Directions |
Would you return the listing that follows exactly, leaving its pictures behind?

Data extract |
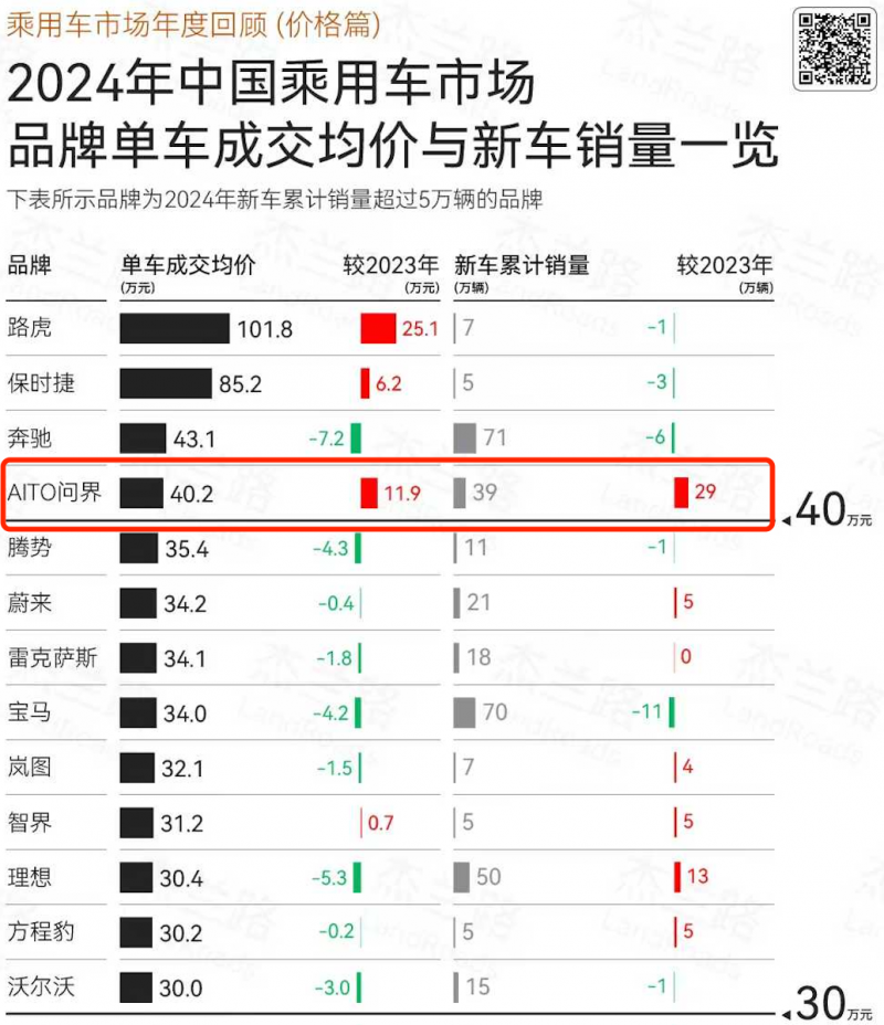 秉承“智慧重塑豪华”的品牌宣言,问界自2021年底发布以来仅三年多时间,已有超过50万问界用户,销量不断刷新市场纪录。数据显示,问界位列2024年国产品牌单车成交均价第一,也是均价超过40万元的唯一国产品牌。
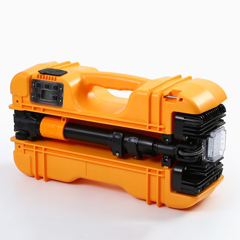 ◆灯头采用四节升降杆固定,升降杆升起高度1.5米,也可以收缩折叠实现一灯多用,升起可作为固定应急照明,灯头可进行水平360°旋转,垂直180°旋转调节照射方向,折叠可作为手提探照灯使用,升降杆和电池箱为一体式结构设计,使用方便灵活,满足不同用户的照明需求。
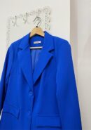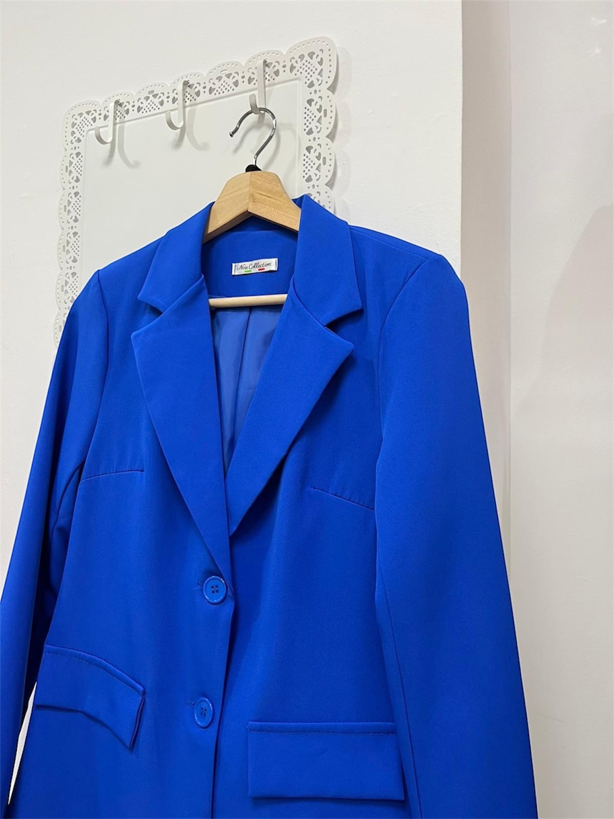 Traje azul klein de chaqueta corte long y pantalón campana. Estiliza y alarga la silueta. Chaqueta con forro interior, dos botones y hombreras. Pantalón con bolsillos laterales, botón, cremallera y goma en la cintura que se adapta.

Result |
 秉承“智慧重塑豪华”的品牌宣言,问界自2021年底发布以来仅三年多时间,已有超过50万问界用户,销量不断刷新市场纪录。数据显示,问界位列2024年国产品牌单车成交均价第一,也是均价超过40万元的唯一国产品牌。
 ◆灯头采用四节升降杆固定,升降杆升起高度1.5米,也可以收缩折叠实现一灯多用,升起可作为固定应急照明,灯头可进行水平360°旋转,垂直180°旋转调节照射方向,折叠可作为手提探照灯使用,升降杆和电池箱为一体式结构设计,使用方便灵活,满足不同用户的照明需求。
 Traje azul klein de chaqueta corte long y pantalón campana. Estiliza y alarga la silueta. Chaqueta con forro interior, dos botones y hombreras. Pantalón con bolsillos laterales, botón, cremallera y goma en la cintura que se adapta.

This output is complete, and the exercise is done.